• **Work order**:
Copy out the lines beginning at the one with "<p>A woman in" and ending at the last line of the data, both included; pictures stay out.

• **Data provided**:
____________

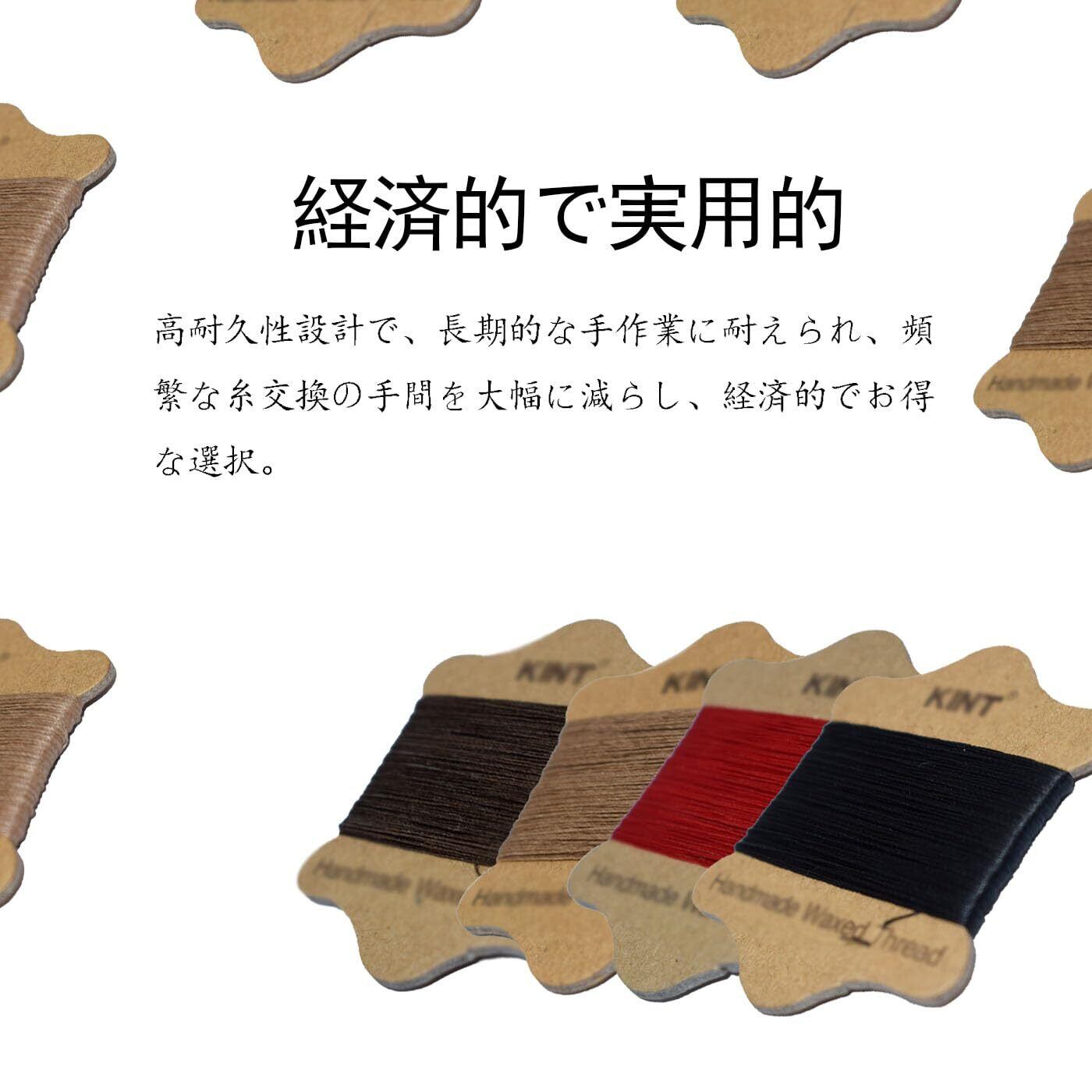 レザークラフト用ワックスコード 蝋引き糸 4 個セット 0.65mm 手縫い糸 DIY 手芸対応 4 色展開 (ダークブラウン + ライトベージュ + ブラック + レッド)
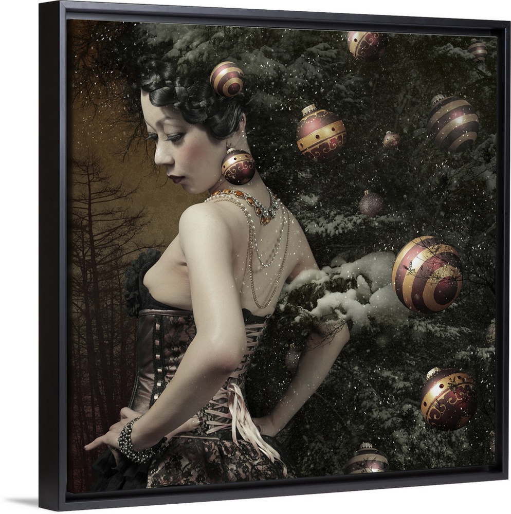 <p>A woman in a corset with a tree filled with ornaments.</p>
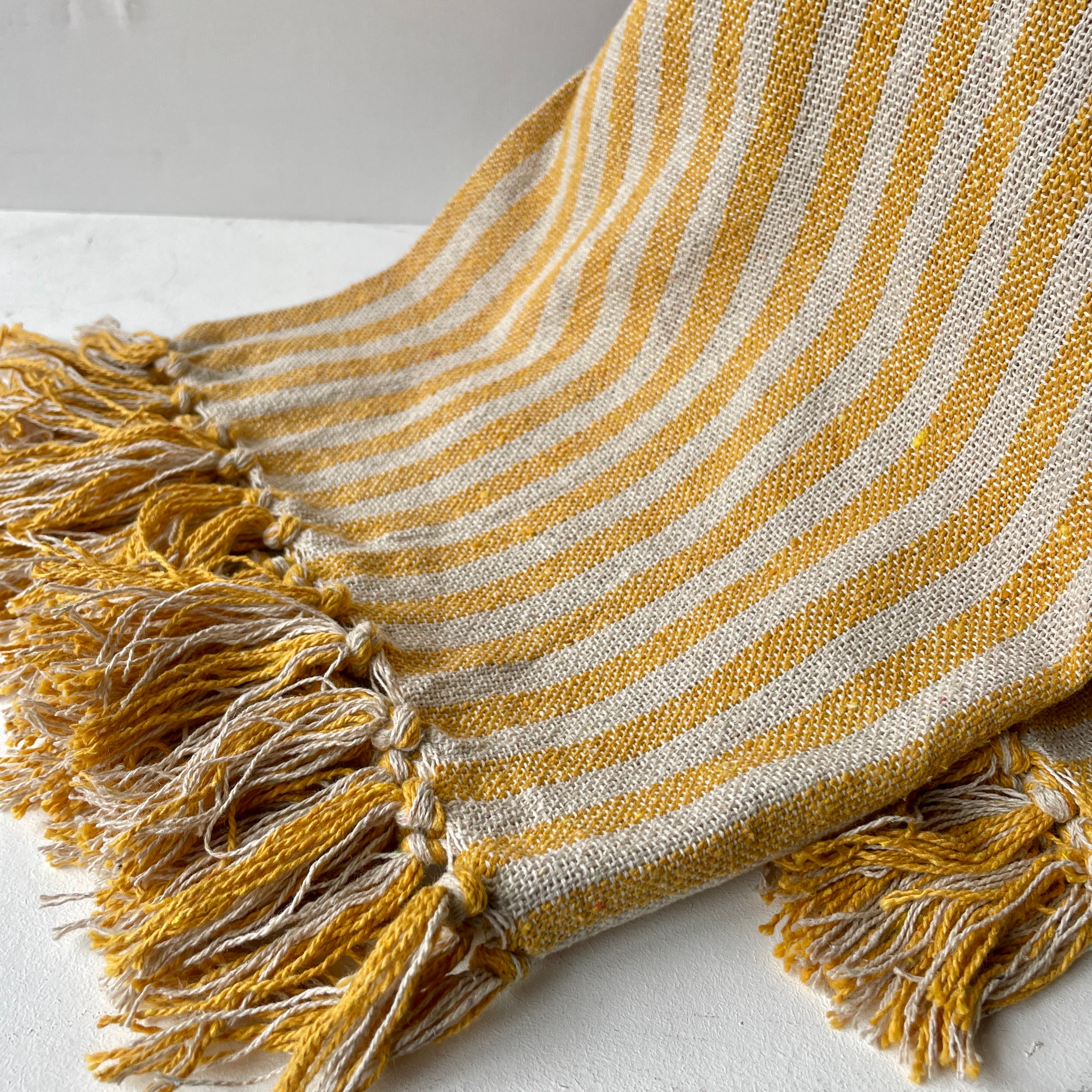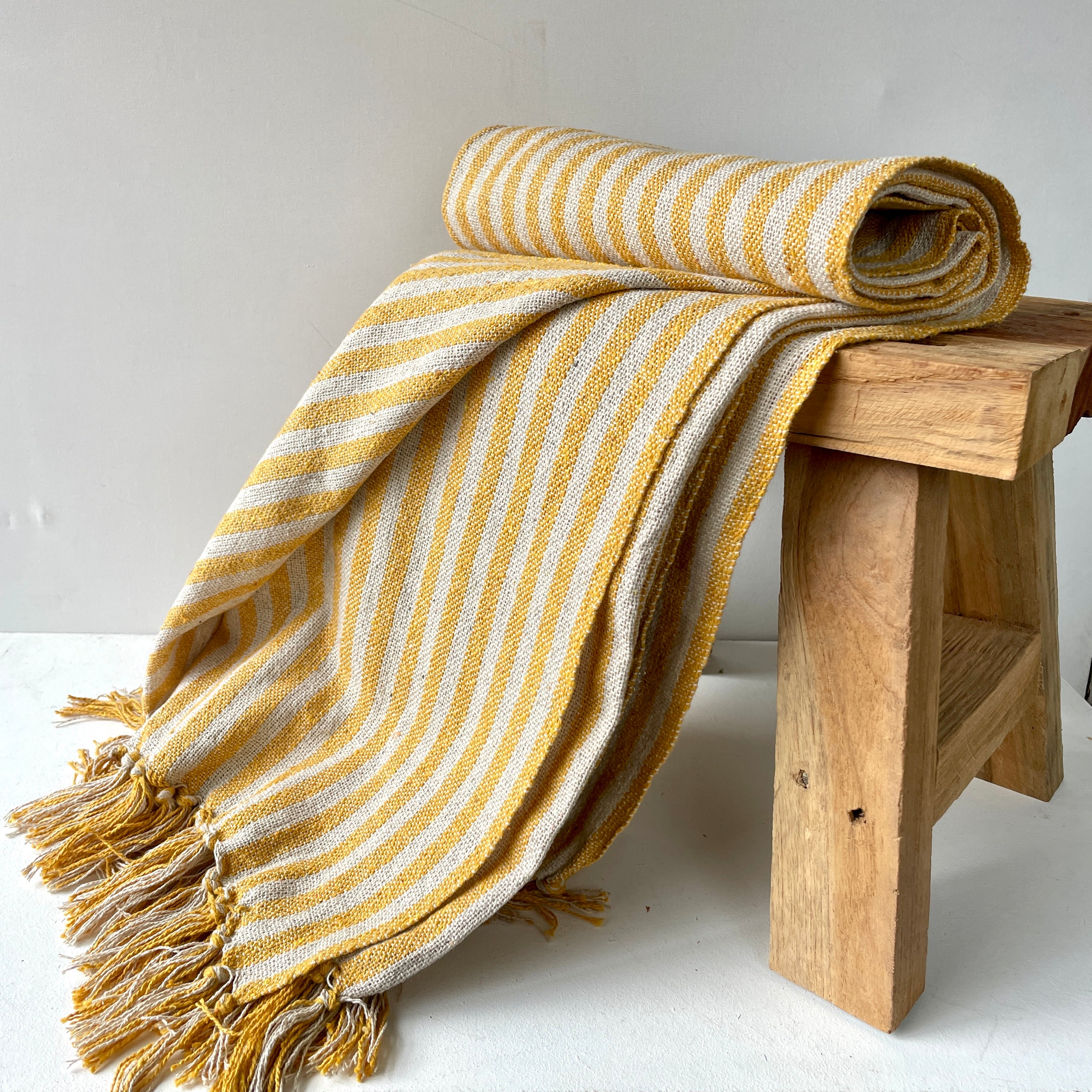 Bringing all the vibes of the British seaside to your interiors with this natural and mustard yellow striped throw.

____________

• **Answer to this exercise**:
 <p>A woman in a corset with a tree filled with ornaments.</p>
 Bringing all the vibes of the British seaside to your interiors with this natural and mustard yellow striped throw.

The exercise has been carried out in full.